1
votes

Prism can create an unneeded ViewModel if you have a one-arg constructor on your view. I am trying to understand how this can be avoided, or, if I can design something to work differently. Here is what happens.

The XAML view declares ViewModelLocator.AutoWireViewModel:

mvvm:ViewModelLocator.AutoWireViewModel="True"

And the class declares two constructors:

public partial class MainWindow
{
    public MainWindow()
    {
        InitializeComponent();
    }

    public MainWindow(MainWindowViewModel viewModel)
    {
        InitializeComponent();
        DataContext = viewModel;
    }
}

There is a reason that I declare the one-arg constructor: it is because the ViewModel is serializable; and when deserialized, the view is constructed by explicitly invoking that constructor with the restored ViewModel.

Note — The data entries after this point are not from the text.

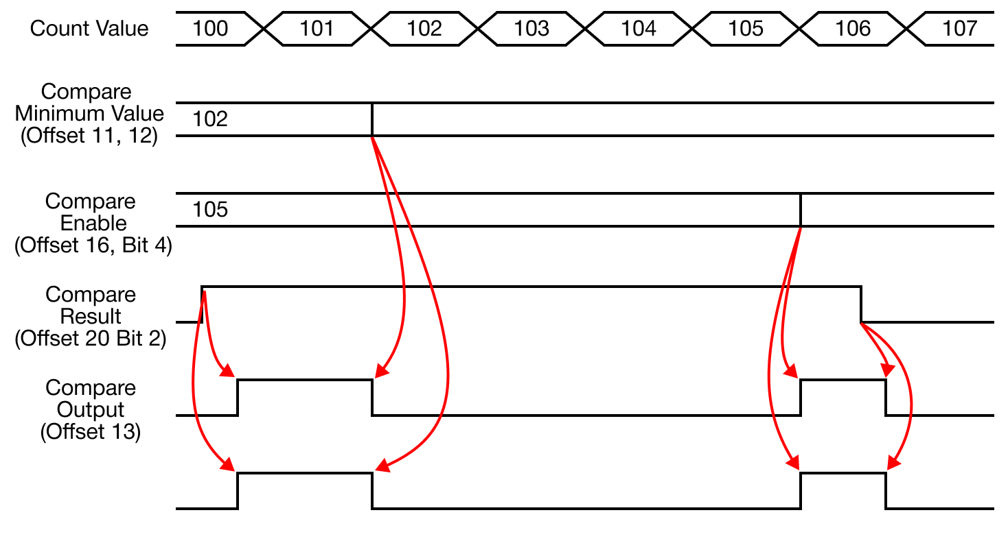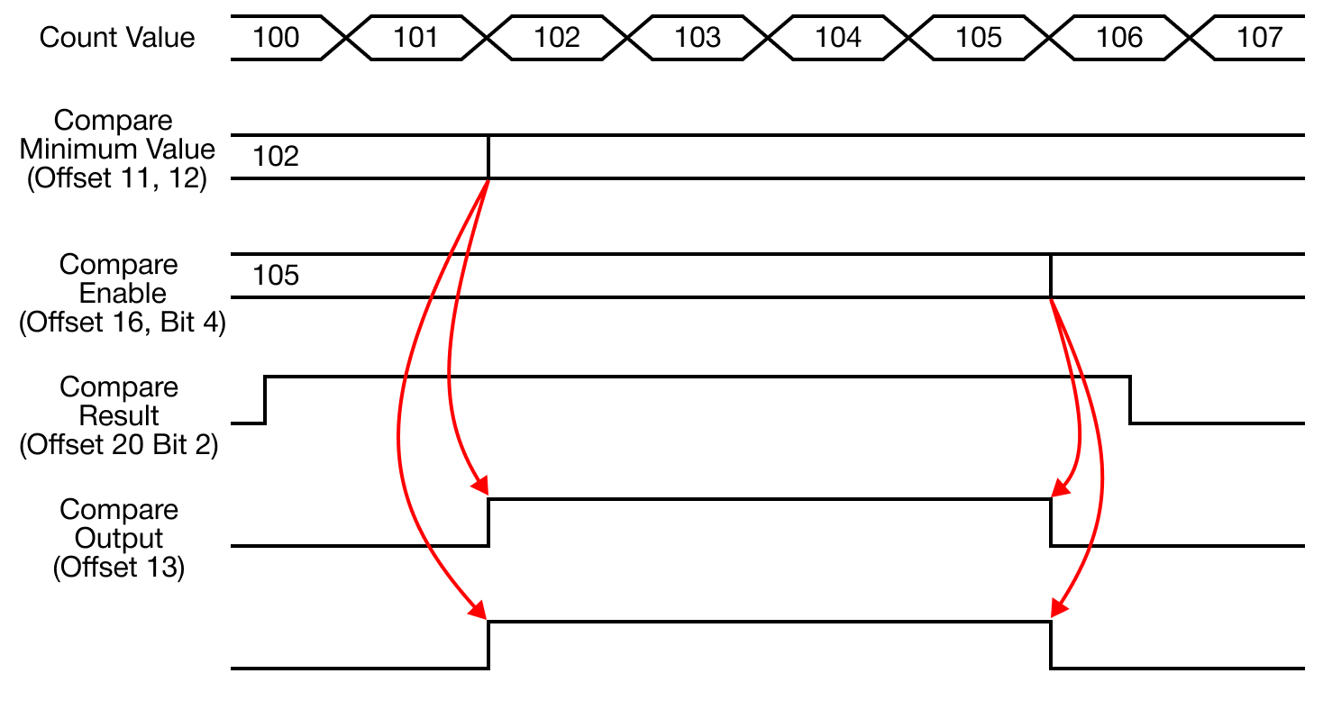 - When the currently-counted value is less than the compare output minimum value, the output is turned ON.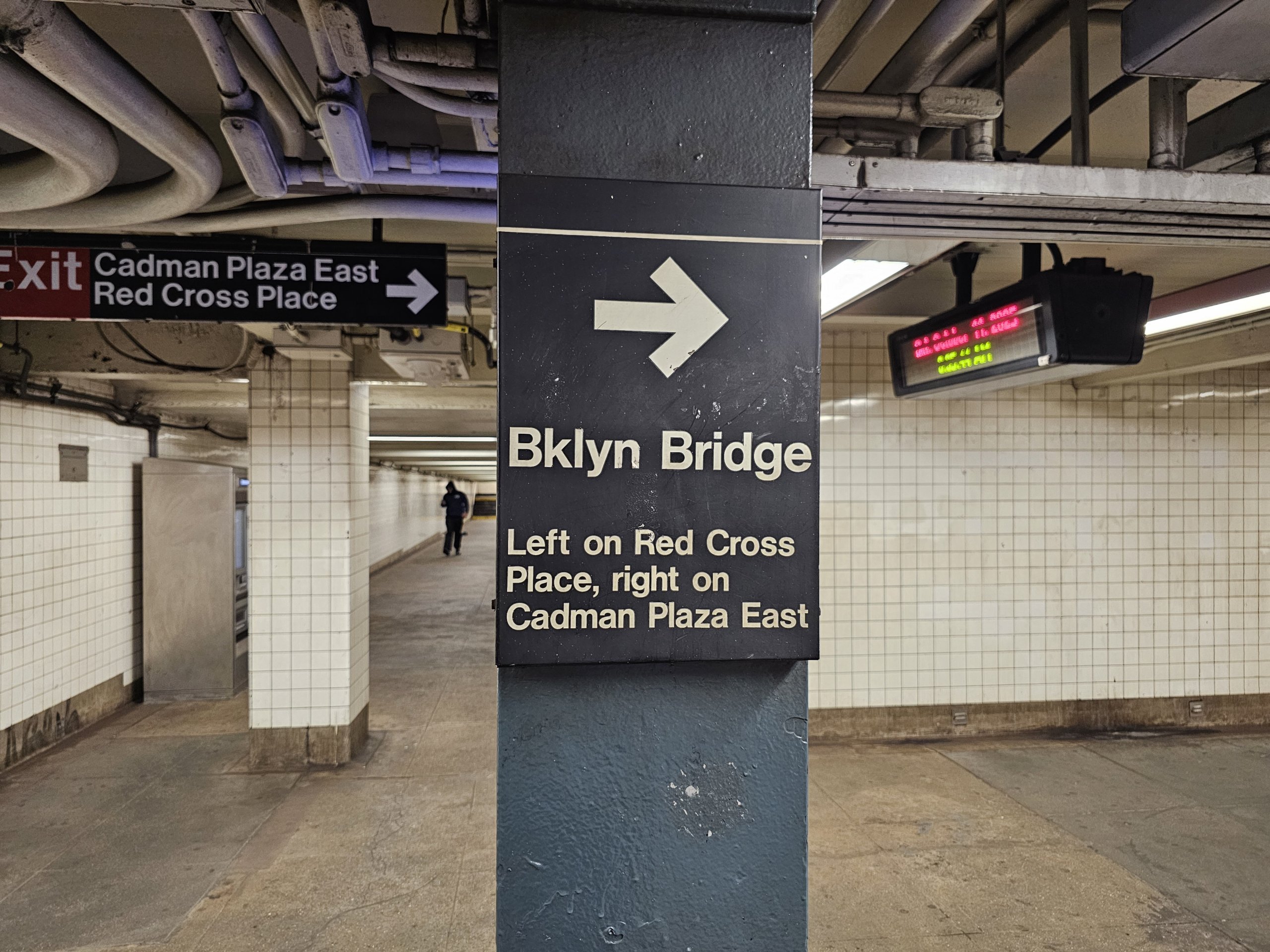 Vi rekommenderar att du använder stationen High Street, som är den närmaste och från vilken det finns direkta skyltar till Brooklyn Bridge.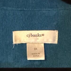CJ Banks Sz 3X Deep Teal Blue Corduroy Feel Zipper Jacket w/ pockets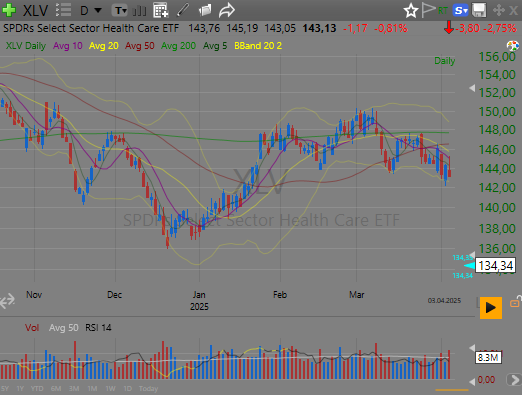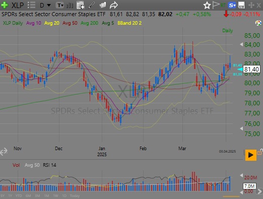 You see how consumer discretionary, which usually outperforms SPY and XLP in a bull market, made a new lower high in February. And when XLY sold off in February, XLP was bought, and even made a higher high at the end of February. That indicates that big money is flowing into defensive assets within the consumer sector. Healthcare also cleared the December highs — and even earlier, in late January: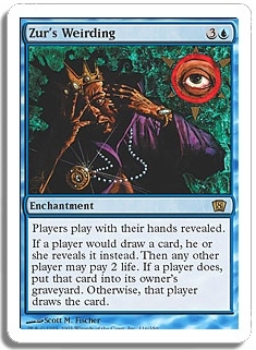Players play with their hands revealed. If a player would draw a card, he or she reveals it instead. Then any other player may pay 2 life. If a player does, put that card into its owner's graveyard. Otherwise, that player draws the card.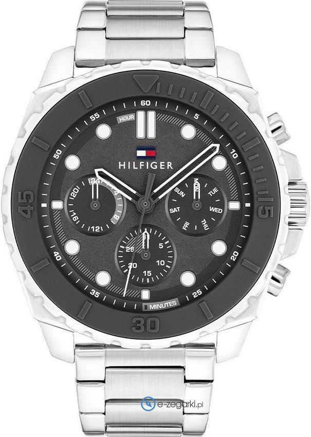 Męski zegarek 1710689 z serii Tommy Hilfiger Morgan marki Tommy Hilfiger to połączenie estetyki oraz nowatorskich funkcji. Nieschematyczny wygląd zegarka osiągnięto m.in. poprzez cyferblat w kolorze szarym. Aktualna godzina pokazywana jest w sposób analogowy co intuicyjnie pozwala ją odczytać. Koperta jest w kolorze szarym szeroka jest na 48 mm oraz ma grubość 13 mm - w kształcie okrągłym.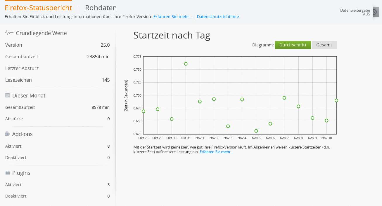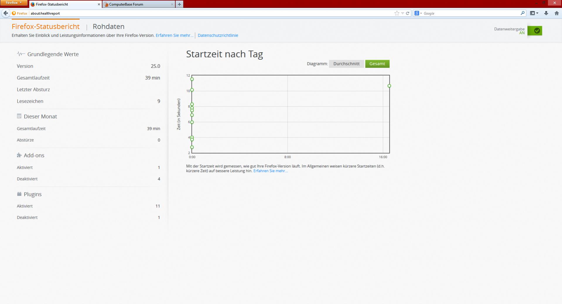 Firefox auf meinem Ultrabook braucht sehr lange zum Starten. Ich kenne auch den Grund: AdBlock Plus. Doch verstehe ich nicht, warum es auf meinem Ultrabook so lange dauert, auf meinem PC hingegen schnell geht. Die Daten vom Ultrabook sind eigentlich nicht so schlecht:

But the issue can happen in two ways.

First, when you invoke the one-arg constructor:

MainWindowViewModel viewModel = new MainWindowViewModel();
MainWindow window = new MainWindow(viewModel);

Then Prism constructs the view, and that invokes the ViewModelLocator from the XAML, which creates and sets a ViewModel ... And then your explicit argument is set; replacing the auto-created instance (or if you reverse the lines in the constructor, than your explicit argument is actually wiped off).

AND, perhaps unexpectedly, or perhaps by some folly in my understanding, or some other unknown design aspect, it ALSO will happen if you resolve the view from the Container --- you might do this expecting to invoke the default constructor for the view; but that in fact does not happen; and, once again you will create two ViewModels:

MainWindow window = Container.Resolve<MainWindow>();

This line of code actually begins by discovering the one-arg constructor on the View, and then RESOLVING a ViewModel and invoking that constructor ... which again triggers the XAML auto-ViewModel; and then your one-arg constructor continues to wipe off the auto-ViewModel ...

It's consuming resources; and in fact, I tripped an exception where the view was binding based on some other state that was inconsistent with the ViewModel that I was expecting to explicitly be set.

I can't see a way to defeat the auto-created instance, and so I am not seeing how to invoke a one-arg constructor around the AutoWireViewModel behavior; or, how to resolve the view from the Container and avoid two ViewModels being created.

Perhaps resolving the View from the Container is abuse if it hasn't been registered, but the one-arg constructor seems to be reasonable, and it creates two instances ...

Is there some way? [Perhaps you can customize that behavior to check for an existing DataContext and then not set it if present ... or something along those lines?]

I created a simple example on GitHub:

https://github.com/steevcoco/PrismAutoCreatesViewModelTwice

2
Why do you want to deserialize a view model? A view model does not contain anything worth serializing, it just provides data (that it gets from one or more servcies) in a format easily consumable by the view and commands for the view to bind to that change the data (through the same or different services) - Haukinger
It's possible that I'll refactor that; but it's because I have a complex tree for a DataGrid: 4 primary classes and almost 2 dozen descriptors that can update live in an editing window; and make up a dynamic data stream with view-customizing features (cell layouts, data sources, fonts, colors, behaviors). The tree simply models what the user sees. Everything is DataContext and can serialize state ... I could consider refactoring but there would be another level of abstraction and more code to handle saving view-customizing state in classes outside of the ViewModels ... Perhaps it will happen! - Steven Coco
I am struggling to find value in any of this. As Brian says below, pick one approach and use it. You are creating issues, not solving them. - R. Richards

2 Answers

2
votes

To be clear here, Prism isn't creating the ViewModel twice. You are. You do it once in the code behind with the ctor, and you do it again with the ViewModelLocator. Pick one approach and use it. There is no need to have two different ways of setting the VM on the same View.

You should read up on containers and how they work. That will help your understanding of what is going on here. Every thing is working exactly as it should.

0
votes

Well, for what it's worth, I have actually implemented a custom ViewModelLocator that works around this behavior. It is somewhat crude: it simply first checks if the current DataContext is non-null; and if so, the AutoWire will not create or set a Viewmodel.

I have updated the code in the repository for anyone interested.